Dal nostro punto di vista, potremmo anche soffermarci sulle bellezze turistiche di una città meravigliosa, viva e vivibile. Ma c’è una Praga meno conosciuta, quella gastronomica, gourmet, che non si ferma alla birra, alle salsicce e al prosciutto affumicato, ma che va oltre.
Ma proprio dalla birra dobbiamo partire. D’altronde la Repubblica Ceca ha la birra nel cuore. Non ce ne vogliano i tedeschi, ma dobbiamo ricordare che la
Pils (o meglio
Pilsner o
Pilsener) nasce proprio nella città boema di
Plzeň (che diventa
Pilsen in lingua tedesca), sfruttando la purezza dell’acqua di quella zona, e utilizzando il luppolo
Saaz, o meglio
Žatec, altra città della Boemia.
Per gli appassionati della birra, Praga diventa un po’ come la “città dei balocchi”, quando per un boccale di Pilsner Urquell si pagano circa 50 corone ceche, meno di due euro. Per gustarla al meglio, consigliamo un salto fuori dal centro alla Karlínská Pivnice, nel quartiere di Karlín: spillatura perfetta, birra fresca direttamente dal tank. A Praga non c’è solo la cultura della birra, ma anche – per fortuna – di chi la spilla al meglio.
Nel quartiere
Vinohrady, invece, è necessaria una tappa al
Pivovar Ossegg, un birrificio urbano con un impianto sotterraneo che produce circa 2800 ettolitri all’anno, che vengono consumati quasi esclusivamente nel ristorante che si trova al piano terra, mentre la sede principale del birrificio è fuori città, nell’antico monastero di Osek.

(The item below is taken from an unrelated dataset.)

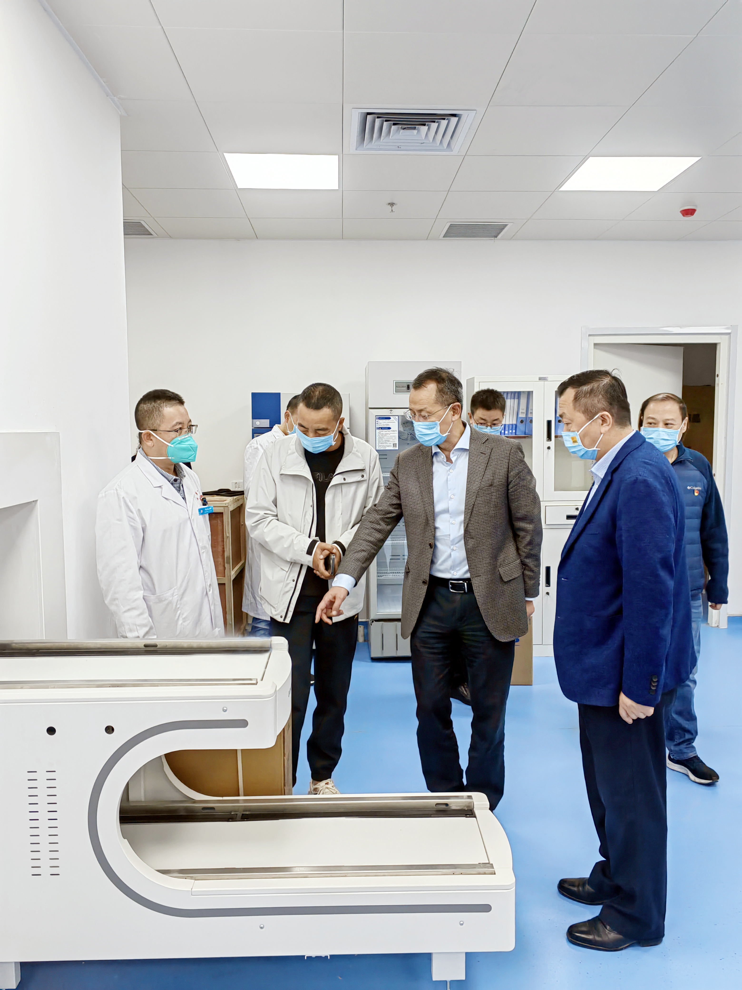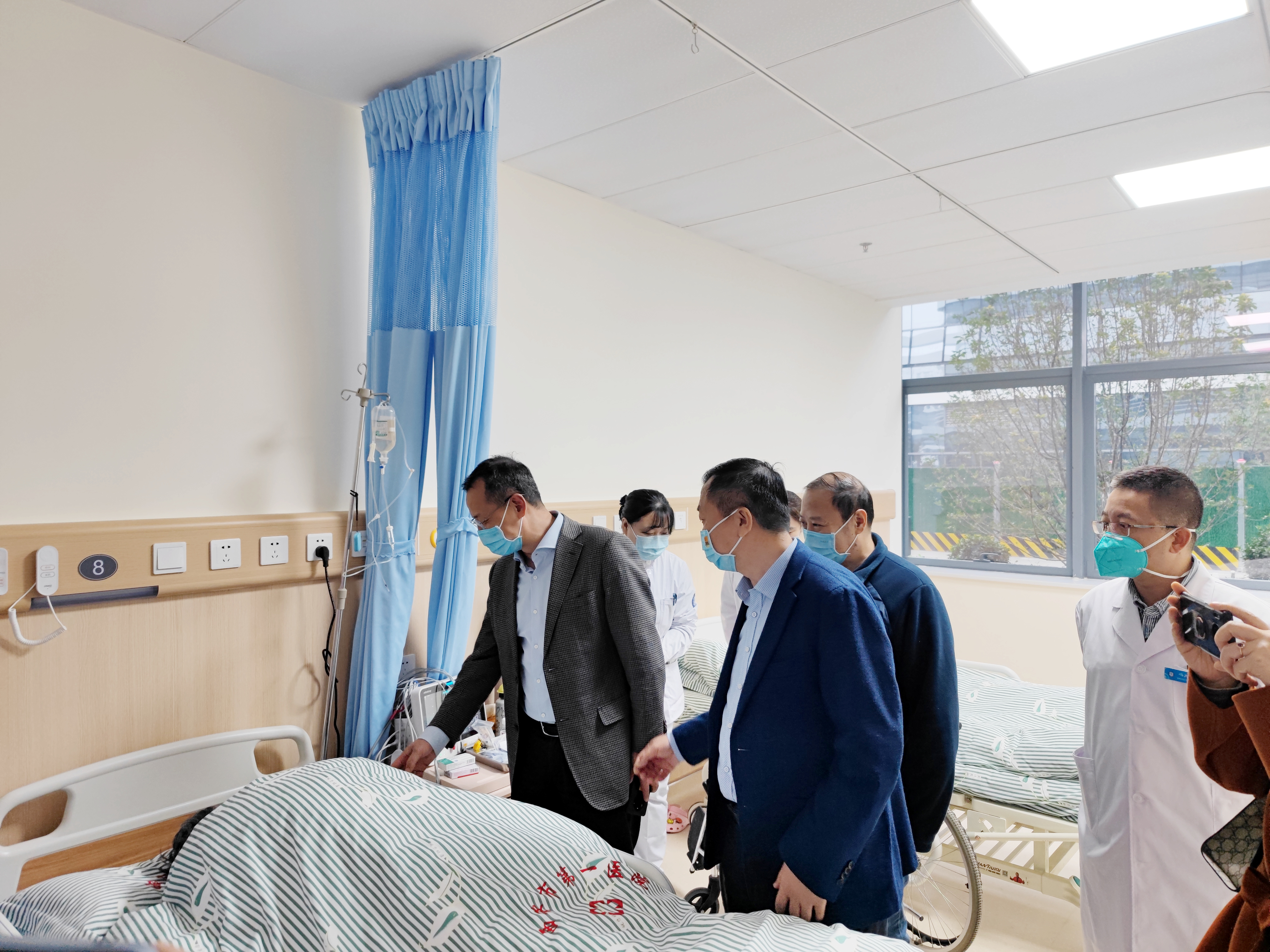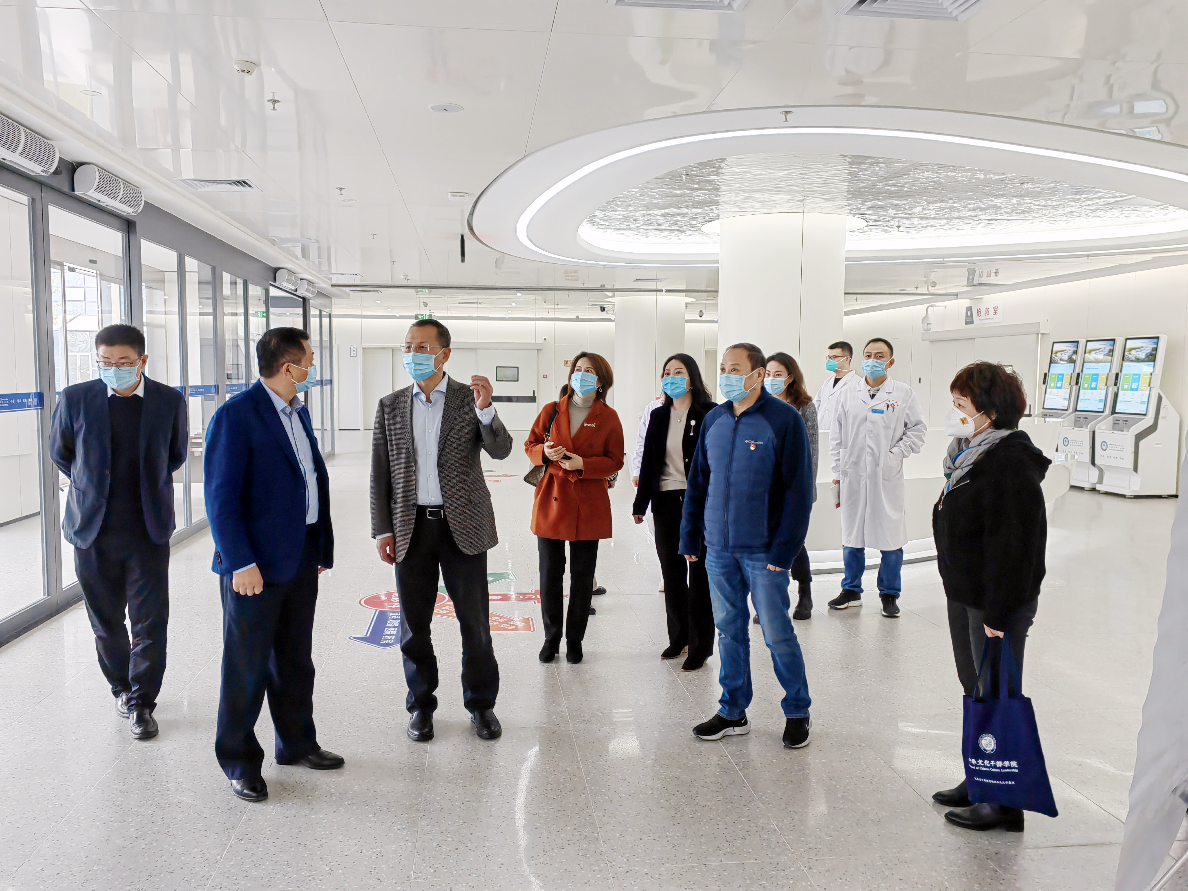 一行人一一巡视诊室及病区,全面了解目前开诊科室的运营状况,调研还需改进的方面,并与一线人员开展深入交流,对新院区启用后的功能分区、科室布局、学科建设、设备使用、后勤保障及疫情防控等方面的实际运行效果作了细致沟通,就新院区如何更平稳、更高效的良好运营集思广益。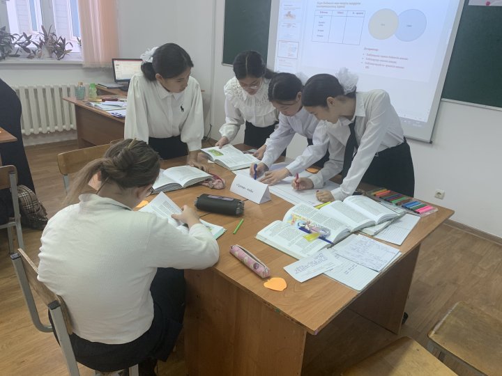 Айлық барысында пән мұғалімдері бір-бірімен тәжірибе алмасып, ой бөлісіп, « Жұмыла көтерген жүктің жеңіл» болатындығын, алда талай белестерді бірге атқарып, талай жетістікке жететіндіктеріне сенімдері мол.

Senza mai perdere come punto di riferimento lo stile a bassa fermentazione, all’Ossegg si possono trovare birre ben caratterizzate e con un’impronta anche molto personale.

Le birre del Pivovar Ossegg, trovano poi un ottimo abbinamento con i piatti dello chef Lukáš Holý
Tutte ottime – i birrifici della Repubblica Ceca non scherzano affatto, d’altronde – e perfette anche negli abbinamenti di chef
Lukáš Holý, uno che dimostra come la cucina tradizionale di Praga possa essere portata a un livello di maggiore raffinatezza, rimanendo nei canoni della genuinità. Molto interessanti le affumicature e alcuni piatti utilizzando, sia in abbinamento che in fase di preparazione, la stessa birra del locale.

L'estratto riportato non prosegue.